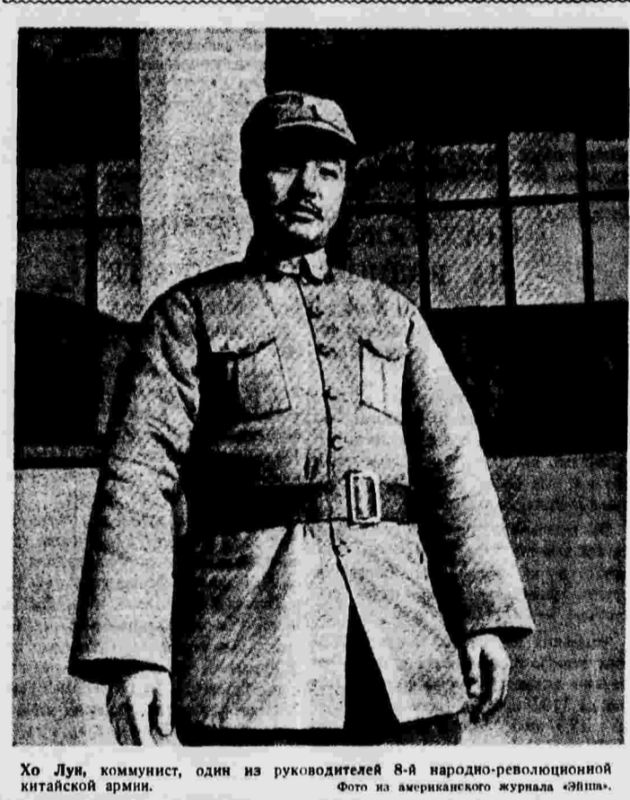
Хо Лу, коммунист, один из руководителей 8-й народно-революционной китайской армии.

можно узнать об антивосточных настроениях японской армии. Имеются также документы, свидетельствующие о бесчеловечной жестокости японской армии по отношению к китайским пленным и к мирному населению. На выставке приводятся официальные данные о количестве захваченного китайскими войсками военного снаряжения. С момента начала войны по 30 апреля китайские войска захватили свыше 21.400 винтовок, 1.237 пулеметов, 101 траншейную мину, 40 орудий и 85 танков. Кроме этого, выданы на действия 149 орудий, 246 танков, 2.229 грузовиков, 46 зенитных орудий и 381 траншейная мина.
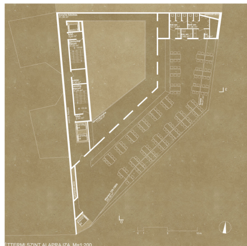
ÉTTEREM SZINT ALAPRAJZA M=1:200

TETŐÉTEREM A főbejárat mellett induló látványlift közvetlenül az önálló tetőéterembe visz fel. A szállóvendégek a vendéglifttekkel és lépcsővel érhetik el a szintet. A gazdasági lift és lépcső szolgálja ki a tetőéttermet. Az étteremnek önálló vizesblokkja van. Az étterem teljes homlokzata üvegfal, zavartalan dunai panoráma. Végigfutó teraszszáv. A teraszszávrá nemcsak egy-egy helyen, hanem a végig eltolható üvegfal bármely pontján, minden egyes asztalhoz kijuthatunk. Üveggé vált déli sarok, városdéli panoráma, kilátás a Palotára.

┄┄┄┄┄┄┄┄┄┄┄┄┄┄┄┄┄┄┄┄

_Problem to work on_. Reproduce the full material exactly, excluding the pictures.

_Output below_.
Хо Лу, коммунист, один из руководителей 8-й народно-революционной китайской армии.

можно узнать об антивосточных настроениях японской армии. Имеются также документы, свидетельствующие о бесчеловечной жестокости японской армии по отношению к китайским пленным и к мирному населению. На выставке приводятся официальные данные о количестве захваченного китайскими войсками военного снаряжения. С момента начала войны по 30 апреля китайские войска захватили свыше 21.400 винтовок, 1.237 пулеметов, 101 траншейную мину, 40 орудий и 85 танков. Кроме этого, выданы на действия 149 орудий, 246 танков, 2.229 грузовиков, 46 зенитных орудий и 381 траншейная мина.
ÉTTEREM SZINT ALAPRAJZA M=1:200

TETŐÉTEREM A főbejárat mellett induló látványlift közvetlenül az önálló tetőéterembe visz fel. A szállóvendégek a vendéglifttekkel és lépcsővel érhetik el a szintet. A gazdasági lift és lépcső szolgálja ki a tetőéttermet. Az étteremnek önálló vizesblokkja van. Az étterem teljes homlokzata üvegfal, zavartalan dunai panoráma. Végigfutó teraszszáv. A teraszszávrá nemcsak egy-egy helyen, hanem a végig eltolható üvegfal bármely pontján, minden egyes asztalhoz kijuthatunk. Üveggé vált déli sarok, városdéli panoráma, kilátás a Palotára.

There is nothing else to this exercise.